# Are Secret Sins for Real?



## InSlaveryToChrist (Jan 23, 2014)

How would you prove from the Bible that we have secret sins in contrast to the idea that all our sinning is conscious?


----------



## py3ak (Jan 23, 2014)

I'd start with Psalm 19:12.


----------



## InSlaveryToChrist (Jan 23, 2014)

I'm sorry, I was kind of tired when I asked that question. The truth is I've always believed in secret sins and I have searched the Scripture for proof for ages. I also have examined the Reformed Confessions and read commentaries on them concerning good works and the infirmities and weaknesses found in them, and I'm surprised Psalm 19:12 is never quoted as proof.
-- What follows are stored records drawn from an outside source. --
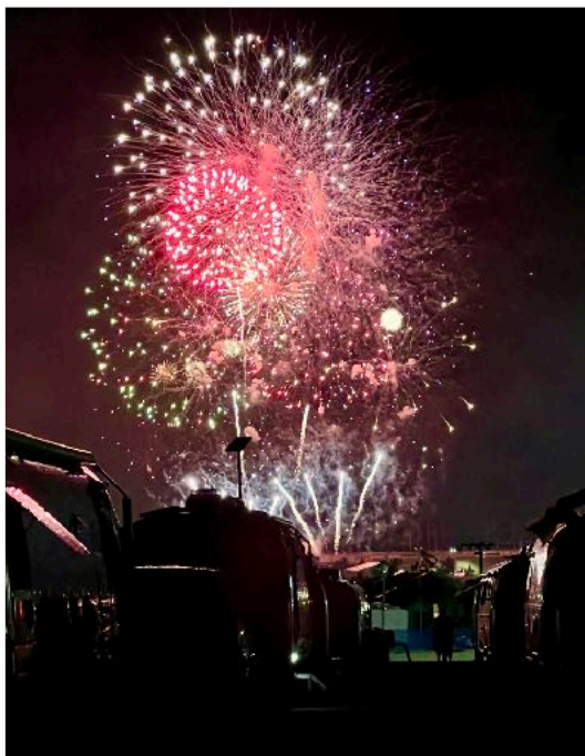
Gregg Landaker's Albuquerque Balloon Fiesta photo took 1st Place in the AfterGlow category at this year's 50th Balloon Fiesta celebration!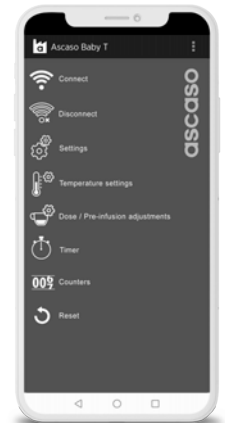
AscasoApp. Total control

We deliver a 50% average saving compared with a traditional machine and 25% compared with other multiboiler machines.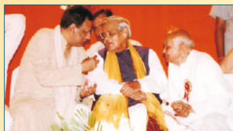
Sh. Atal Bihari Vajpayee Former Prime Minister of India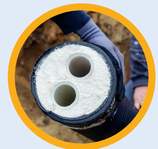
Ecoflex Thermo Pro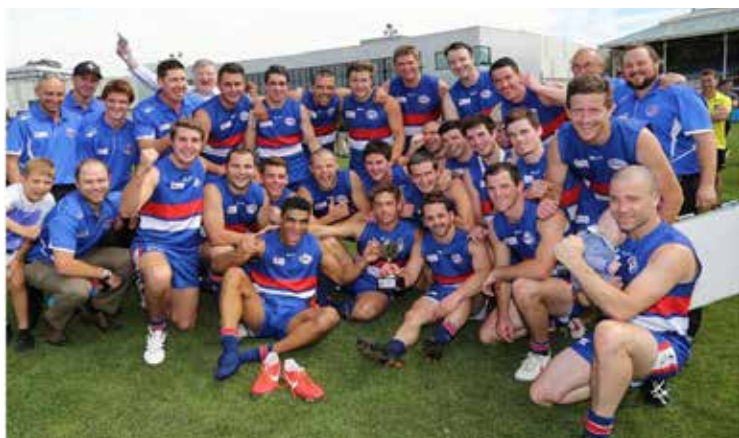
Winners are grinners: The WRFL Senior interleague side take home the cup after beating the SFL by 36-points.

The WRFL withstood early pressure from the SFL, but an unanswered five-goal burst either side of half-time proved the decisive period in the contest.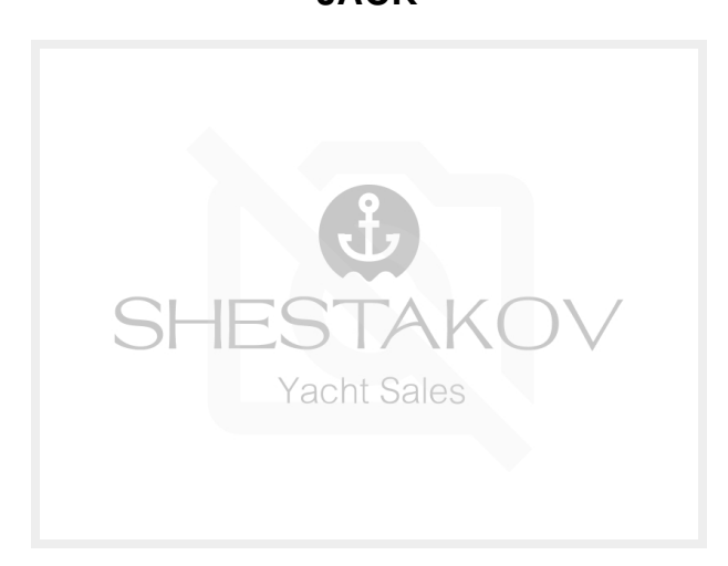
43' 2019 Formula SSC Sport Cruiser SEA JACK

This may have to do with the fact that when the Bible talks about secret thoughts or sins, it always seems to mean man trying to conceal his sin from God -- not his sin being concealed from himself. As far as I know, Psalm 19:12 is the only exception, since it starts, "Who can understand his errors?". Psalm 90:8 does not count.

Other proof I've found for secret sins are the following,

"But we are all as an unclean thing, and *all our righteousnesses are as filthy rags*; and we all do fade as a leaf; and our iniquities, like the wind, have taken us away." (Isaiah 64:2)
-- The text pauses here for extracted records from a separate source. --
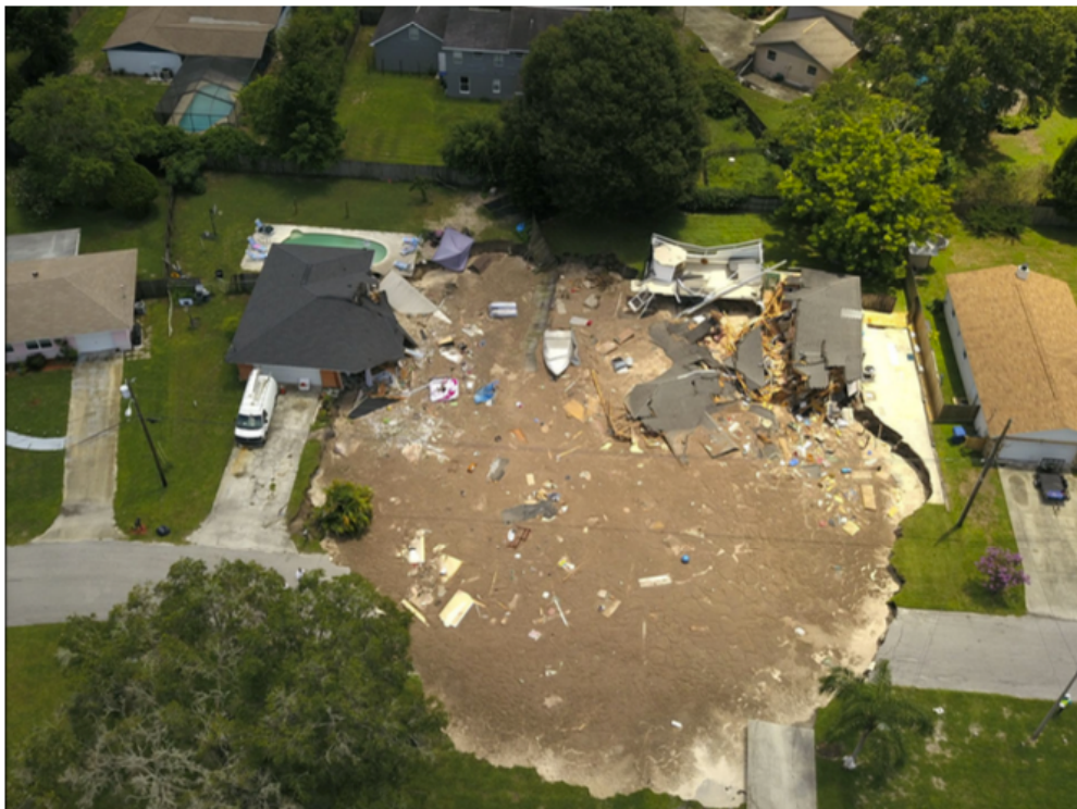
Stop 2 – aerial view of sinkhole in Pasco County, formed in July 2017.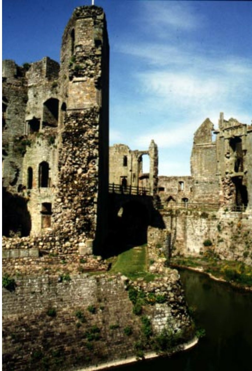
The walls, in an advanced state of disrepair appear to have been about two meters thick.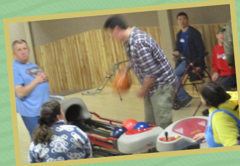
Bowling was fast and furious at our annual bowling party.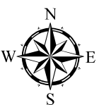
FIGURE 1 Sheet 5A of 5

Base map date: January 14, 2016 Refer to CTP document for more details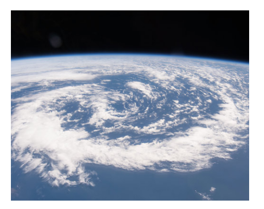
Satellites like the International Space Station view clouds from above.

This activity uses alcohol vapor (gas) rather than water vapor to make a cloud, but it forms in the same way. By increasing the pressure inside the bottle, you also increase the temperature. When you release the pressure, the temperature drops, causing the vapor to condense into very small droplets you can see.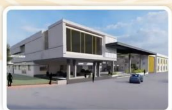
Veda International School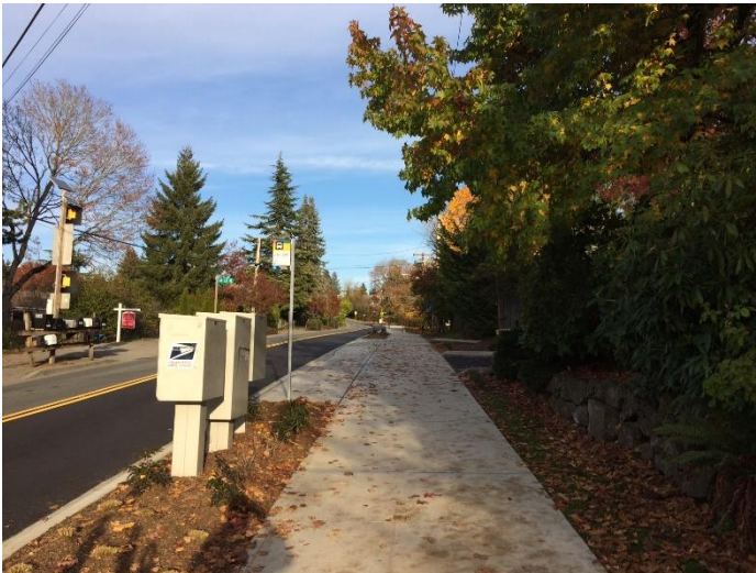
Figure 1: Improvements

Background: The south side of NE 153 Place previously consisted of 2 to 6-foot+ wide shoulders for pedestrian use. NE 153 Place NE is a designated walking route for Arrowhead Elementary School students. Sidewalks along this road were identified as a priority during the neighborhood meetings held for this area as part of the Neighborhood Transportation Program Plan. In 2016, the City applied for a Washington State Department of Transportation's (WSDOT) Safe Routes to School program grant to fund this project. In June 2017, WSDOT notified the City that this project was awarded grant funds to complete the sidewalk improvements.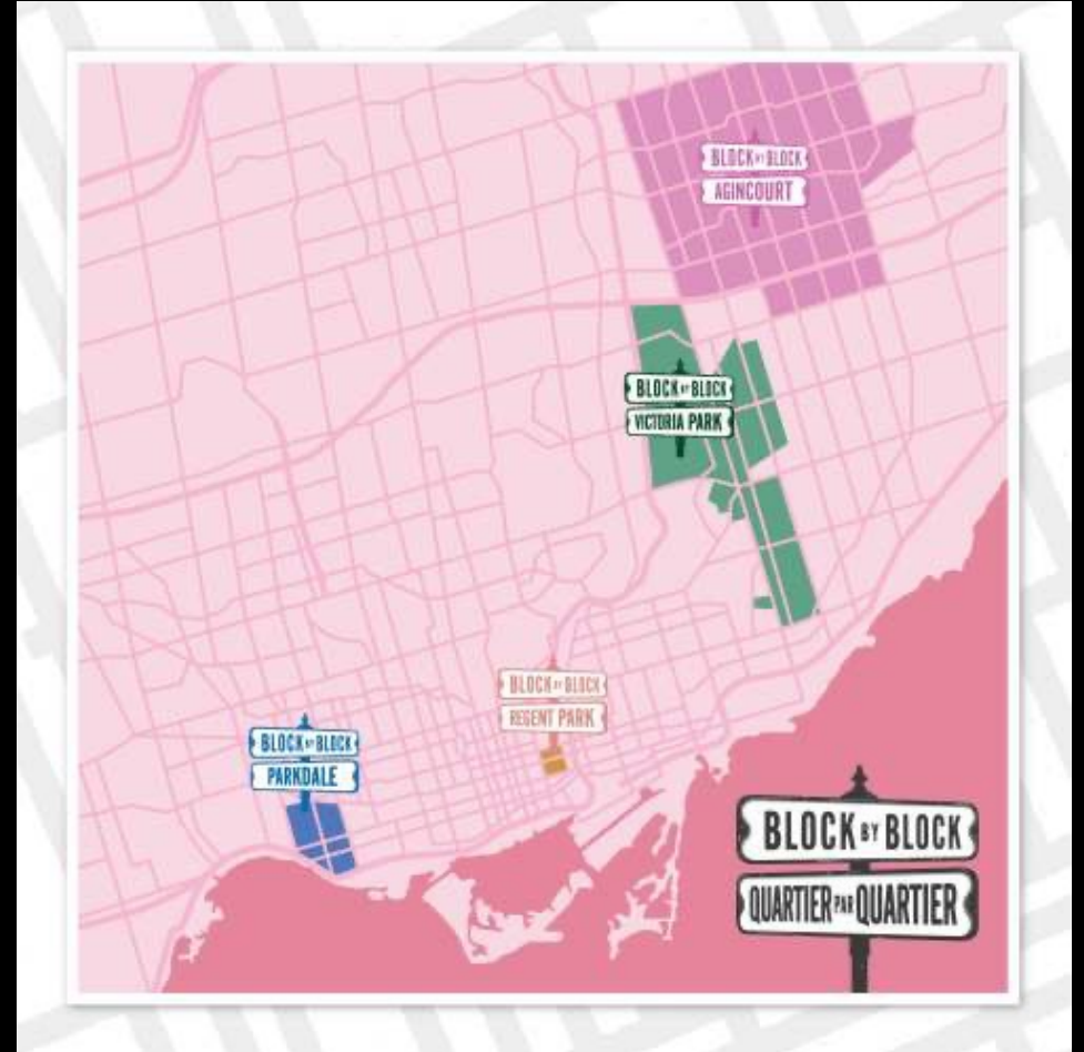
Map highlighting the 4 neighbourhoods which are part of the project. (Block by Block).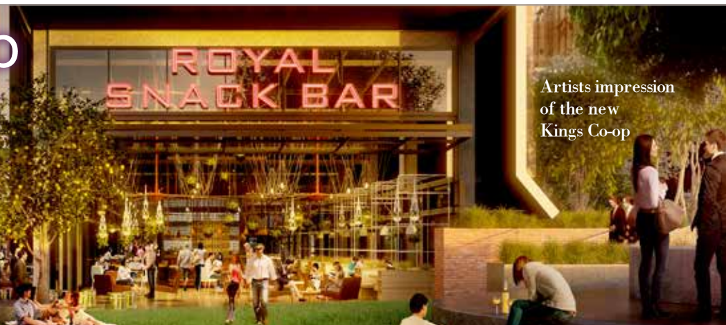
Artists impression of the new Kings Co-op

Work has started on the next stage of the RNA's $2.9 billion Brisbane Showgrounds Regeneration Project.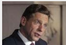
David Miscavige (DM) Chairman of the Board (COB) of RTC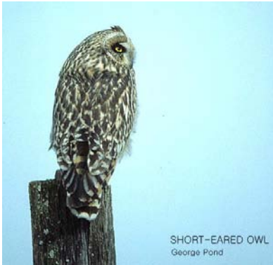
SHORT-EARED OWL George Pond

We were certainly not disappointed with a surprise Northern Mockingbird flitting about on a lawn just south of Fisherville that had just two trees on it making viewing easy.

"Now the God of peace, that brought again from the dead our Lord Jesus, that great shepherd of the sheep, through the blood of the everlasting covenant, *Make you perfect in every good work* to do his will, working in you that which is wellpleasing in his sight, through Jesus Christ; to whom be glory for ever and ever. Amen." (Hebrews 13:20-21)

I don't count verses that teach God won't justify us even if we have kept His law perfectly for the simple fact that a former sinner needs his old sins atoned for before he can be justified and for that we will always depend on Christ.

Now, here are my biggest struggles with this view of secret sins. How do you explain the following verses?

"Jesus said, "If you were blind, you would not be guilty of sin; but now that you claim you can see, your guilt remains." (John 9:41)

"Therefore to him that knoweth to do good, and doeth it not, to him it is sin." (James 4:17)


----------



## SolaScriptura (Jan 23, 2014)

What do you mean by "secret sins?"


----------



## David Pope (Jan 23, 2014)

SolaScriptura said:


> What do you mean by "secret sins?"



I'm confused too, and would find a definition helpful. Thanks.


----------



## InSlaveryToChrist (Jan 23, 2014)

David Pope said:


> SolaScriptura said:
> 
> 
> > What do you mean by "secret sins?"
> ...



Just read my OP. If the contrast/opposite to secret sin is conscious sin, then secret sin means unconscious sin.


----------



## KMK (Jan 23, 2014)

Are you asking if it is possible to commit sins of omission?


----------



## InSlaveryToChrist (Jan 24, 2014)

KMK said:


> Are you asking if it is possible to commit sins of omission?



I'm not sure what you mean by "of omission". If you mean the Catholic teaching of sin of omission which means a failure to do something one can and ought to do,_ then yes,_ _it is included, but that's not the point_. I am asking whether every sin committed by a person must be _conciously perceived_ like in John 9:41 and James 4:17 above; that there is no sin committed that is _hidden from us _(whether by _lack of understanding _or _a defiled conscience_).

I believe the thoughts of the heart can flow into our minds without us ever realizing our _evil_ _intentions_ behind them.

So, for example, I may be praying to God out of a pure conscience, but I am not seeing all my intentions (including both good and evil) in my thoughts.


----------



## InSlaveryToChrist (Jan 24, 2014)

Another way of saying that a person does not see all of his evil intentions is that he is sinning without knowing it is sin.


----------



## InSlaveryToChrist (Jan 24, 2014)

I think I may have got the right answer now. There is a way to harmonize all of the Scriptures I laid down above. And that key is to think that our conscience can never be so silenced that it is _completely_ silent. And since our conscience was put into our hearts in perfect comformity to God's law, it informs us of all our sins and good deeds. The voice of the conscience is subject to change, it can be loud or quiet, but it can never be _completely_ silenced.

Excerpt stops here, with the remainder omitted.